*** Opening Data to use ***

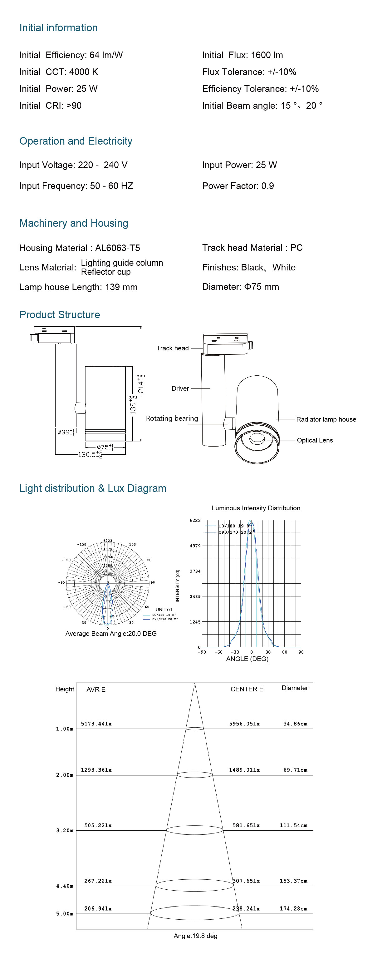 Power: 25 W Total Flux: 1800 lm CENTER E: 2390、1490 lx CRI: ≥80 Beam Angle: 15°、20° Warranty: 3 years Finishes : Black、White
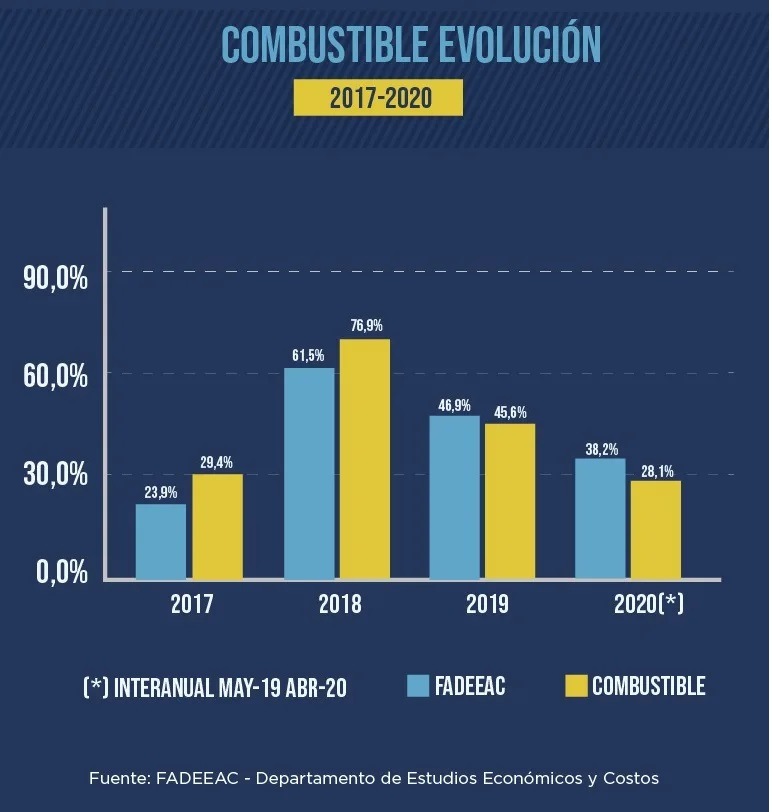 Según el ICTF, en abril se ve un aumento del costo laboral, del segundo tramo del convenio firmado en febrero, con su impacto directo en personal -conducción (6,33%)- y en los rubros: reparaciones (3,10%) y gastos generales (2,80%). Pero, se observa un descenso del combustible (-0,04%), y se destaca la importante baja del costo financiero (-22,4%). Este último factor es consecuencia de las bajas tasas de interés, como medida anticíclica, para recomponer la cadena de pagos.
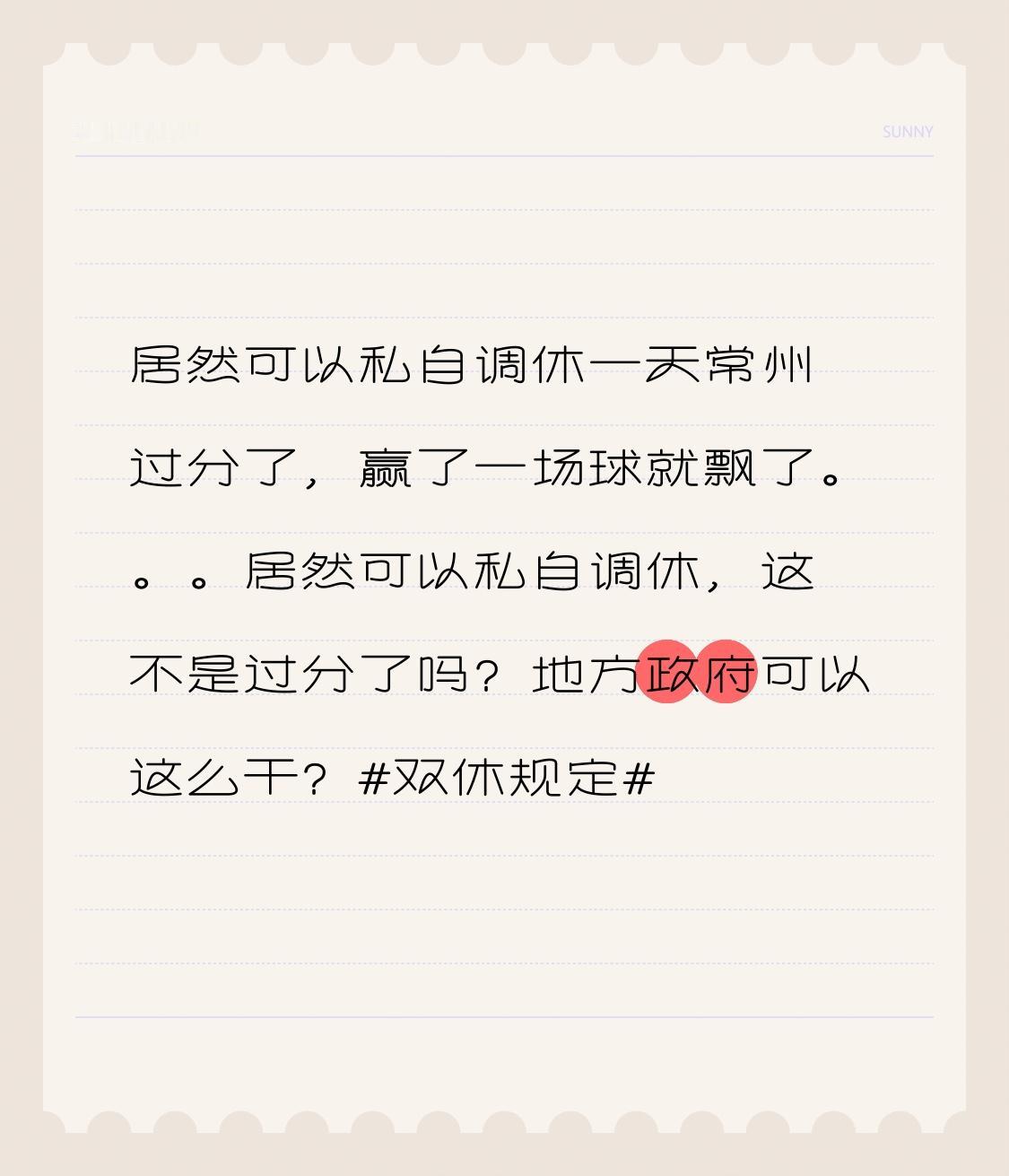 居然可以私自调休一天 常州过分了, 赢了一场球就飘了。。。 居然可以私自调休,
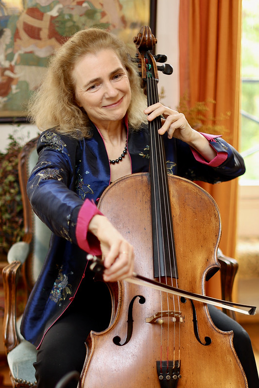 Dans le salon chaleureux, le violoncelle fabriqué en 1749, est là, près de la bibliothèque. C’est son « vieux compagnon », son souffle, sa voix. Elle se prête au jeu de l’interview tout en jouant du Schubert, Bach, Vivaldi…
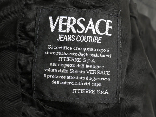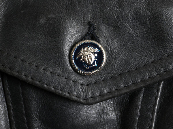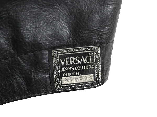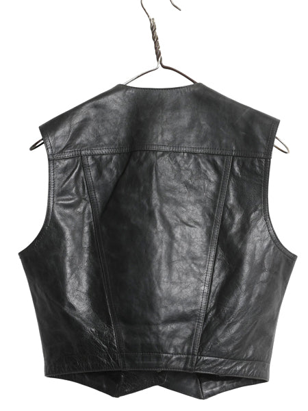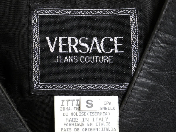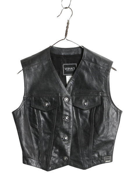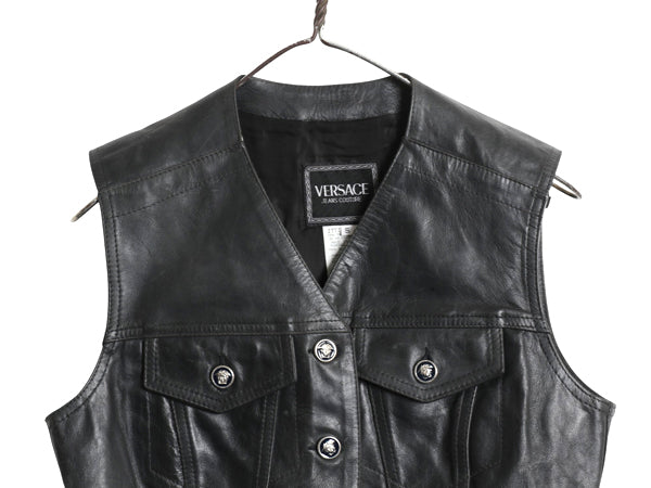 90s イタリア製 ヴェルサーチ 本革 レザー ベスト レディース S 古着 オールド 重ね着 前開き オールレザー ノースリーブ ブラック 当時物
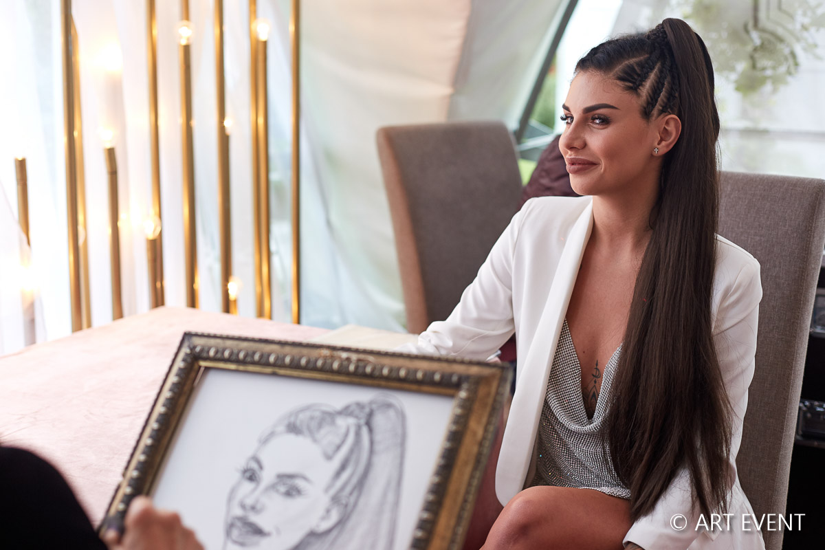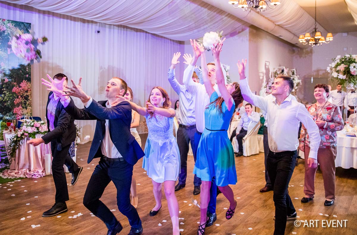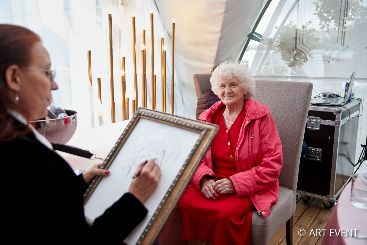 Пока обе пары готовились к банкету, мы развлекали уже начавших съезжаться гостей. С одними работала художница-шаржистка, другие снимались для флипбуков. А украшением вечера стало выступление шоу-балета.
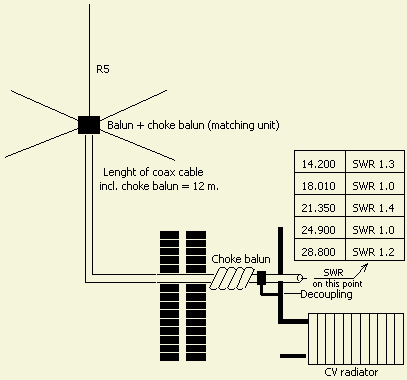 De SWR kan aan de bandgrenzen flink oplopen en dat kan voor moderne transceivers zonder antennetuner een probleem zijn. Hier wordt altijd een tuner gebruikt voor alle antennes en zo ook voor een R5 zie het volgende onderwerp.
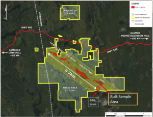 Figure 1 – Property Layout showing main deposits and bulk sample area
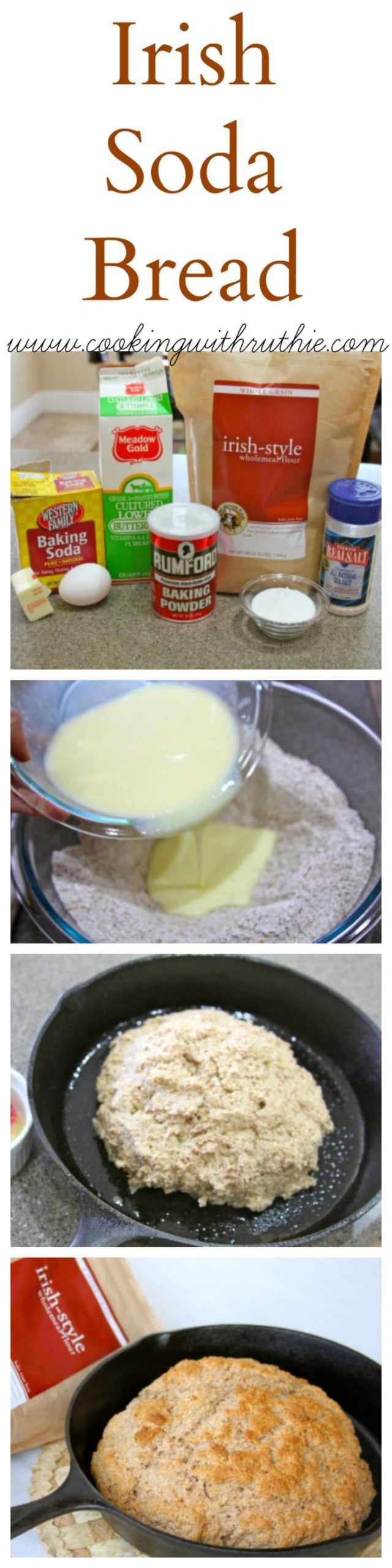 Irish Soda Bread Recipe is a 100% whole wheat bread that uses baking soda and powder for leavening--it's a "craggy" everyday Irish loaf
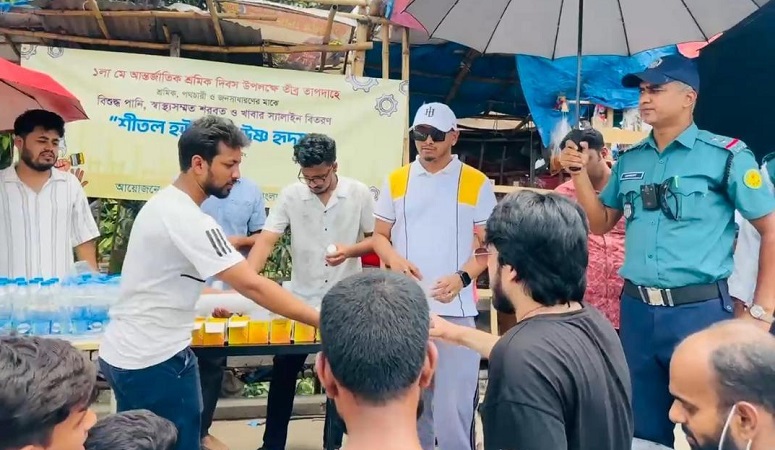 বুধবার ১ মে দুপুর ১২টা নাগাদ রাজধানীর রামপুরা ব্রিজে এ কর্মসূচি পালিত হয়। এসময় সংগঠনের প্রায় ২০ জন সদস্য বিশুদ্ধ খাবার পানি ও খাবার স্যালাইন ও স্বাস্থসম্মত শরবত সরবরাহ করেন।
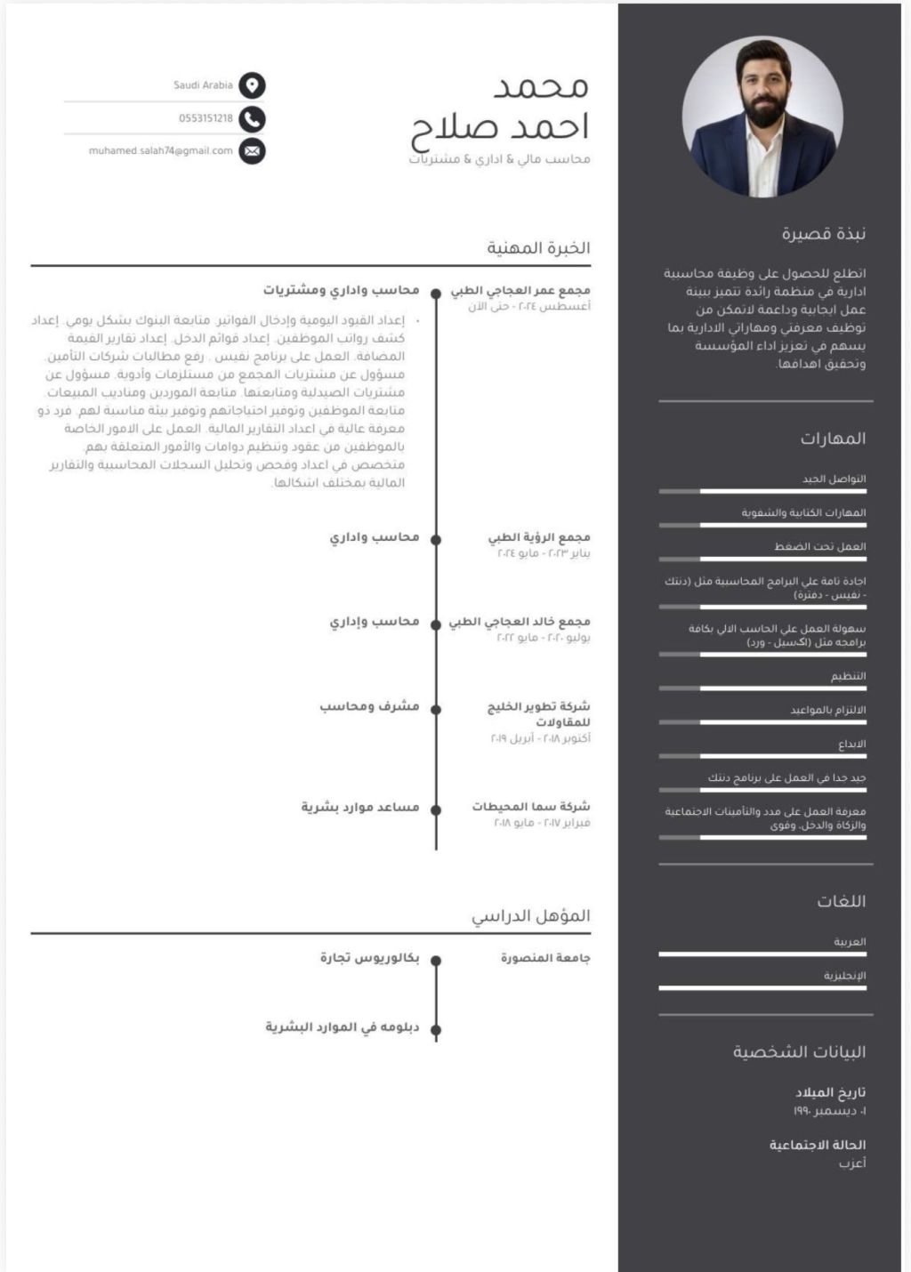 أنا محاسب خبرة أكثر من 5 سنوات في الحسابات والتأمين الطبي والمشتريات والامور الاداريه الخاصه بالمجال الطبي

*** Closing Data to use ***

• Exercise directions: Would it be possible to reproduce the material word for word, images omitted?

• The completed task:
 Power: 25 W Total Flux: 1800 lm CENTER E: 2390、1490 lx CRI: ≥80 Beam Angle: 15°、20° Warranty: 3 years Finishes : Black、White
 Según el ICTF, en abril se ve un aumento del costo laboral, del segundo tramo del convenio firmado en febrero, con su impacto directo en personal -conducción (6,33%)- y en los rubros: reparaciones (3,10%) y gastos generales (2,80%). Pero, se observa un descenso del combustible (-0,04%), y se destaca la importante baja del costo financiero (-22,4%). Este último factor es consecuencia de las bajas tasas de interés, como medida anticíclica, para recomponer la cadena de pagos.
 居然可以私自调休一天 常州过分了, 赢了一场球就飘了。。。 居然可以私自调休,
 Dans le salon chaleureux, le violoncelle fabriqué en 1749, est là, près de la bibliothèque. C’est son « vieux compagnon », son souffle, sa voix. Elle se prête au jeu de l’interview tout en jouant du Schubert, Bach, Vivaldi…
 90s イタリア製 ヴェルサーチ 本革 レザー ベスト レディース S 古着 オールド 重ね着 前開き オールレザー ノースリーブ ブラック 当時物
 Пока обе пары готовились к банкету, мы развлекали уже начавших съезжаться гостей. С одними работала художница-шаржистка, другие снимались для флипбуков. А украшением вечера стало выступление шоу-балета.
 De SWR kan aan de bandgrenzen flink oplopen en dat kan voor moderne transceivers zonder antennetuner een probleem zijn. Hier wordt altijd een tuner gebruikt voor alle antennes en zo ook voor een R5 zie het volgende onderwerp.
 Figure 1 – Property Layout showing main deposits and bulk sample area
 Irish Soda Bread Recipe is a 100% whole wheat bread that uses baking soda and powder for leavening--it's a "craggy" everyday Irish loaf
 বুধবার ১ মে দুপুর ১২টা নাগাদ রাজধানীর রামপুরা ব্রিজে এ কর্মসূচি পালিত হয়। এসময় সংগঠনের প্রায় ২০ জন সদস্য বিশুদ্ধ খাবার পানি ও খাবার স্যালাইন ও স্বাস্থসম্মত শরবত সরবরাহ করেন।
 أنا محاسب خبرة أكثر من 5 سنوات في الحسابات والتأمين الطبي والمشتريات والامور الاداريه الخاصه بالمجال الطبي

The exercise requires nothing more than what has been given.